That third recording is closer to what your delivery should sound like than your first recording ever was. Not the absurd version. Not the flat version. The version that lives between the two, the one that has color without being cartoonish.
I did this exercise in hotel rooms for weeks. Paragraph by paragraph, line by line, working through my entire script. Each time I recorded the three versions — flat, absurd, middle ground — and each time I was surprised by how much variation the middle ground version contained and how natural it sounded despite containing far more movement than I would ever have produced on autopilot.
What Happens When You Add Color
The difference is not subtle. It’s not a marginal improvement that only a trained ear would notice. It’s the difference between someone talking at you and someone talking to you.
When your voice has variation, the audience’s brain stays engaged. Every shift in pitch, tone, volume, or pacing sends a signal that says “something new is happening.” And as long as the brain is receiving that signal, it keeps processing actively. It stays in the room. It stays with you.
When your voice is flat, the brain stops receiving those signals. It downshifts from active processing to passive reception. The audience hears you but they stop listening. They may look attentive — they may even think they’re paying attention — but the cognitive depth of their engagement has dropped significantly. And when a magic effect happens during passive reception, it doesn’t land with the same force. The audience sees it, registers it, maybe even claps. But the gasp, the lean-forward, the wide-eyed astonishment — those require active engagement. Those require the audience to be fully present.
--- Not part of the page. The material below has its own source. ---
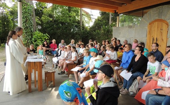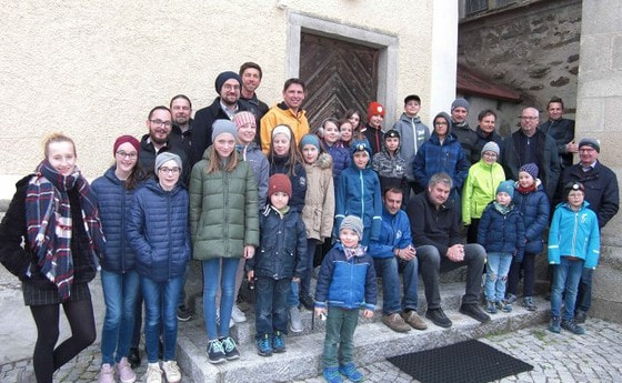 Der Obmann der katholischen Männerbewegung Franz Plöchl begrüßt 21 Kinder und 11 Väter am Treffpunkt vor dem Eingang zur Sakristei

And a flat voice is the fastest way to make them stop being present.
The Ongoing Work
I wish I could tell you that I fixed this once and moved on. I didn’t. Vocal variation is not a skill you acquire and possess permanently, like learning to ride a bicycle. It’s more like physical fitness — something you maintain through ongoing effort, and something that atrophies the moment you stop paying attention.
I still catch myself going flat, especially when I’m tired or nervous or performing material I’ve done many times. The default setting is always there, waiting to reassert itself. The consulting voice is always lurking, ready to take over the moment my cognitive load spikes and my brain starts looking for processes it can put on autopilot.
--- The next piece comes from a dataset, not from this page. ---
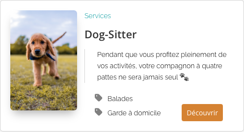 Nous pouvons organiser un service de dog-sitting de confiance, directement à votre logement ou à proximité, afin que vous puissiez profiter pleinement de votre séjour en toute sérénité, pendant que votre compagnon est entre de bonnes mains.

What’s different now is that I know what to listen for. I record myself regularly. I review the recordings with specific attention to vocal variation. And I ask myself the same question every time: am I broadcasting in color, or have I slipped back into black and white?
The answer is not always what I want to hear. But at least I know to ask.
This is the first post in a series about voice and delivery. Over the next few posts, I’m going to get into specific techniques — upspeak, emphasis patterns, projection versus volume, the counterintuitive power of silence and whispers. Each one addresses a different facet of the same fundamental challenge: using your voice not just as a vehicle for words, but as an instrument that shapes how those words land.
Because here’s what I’ve learned. Your content can be perfect. Your script can be airtight. Your effects can be beautifully crafted and flawlessly executed. But if your voice delivers all of it in the same flat, unvaried, black-and-white signal, you’re asking your audience to do the work of adding color. And audiences don’t do that work. They check out instead.
The color has to come from you.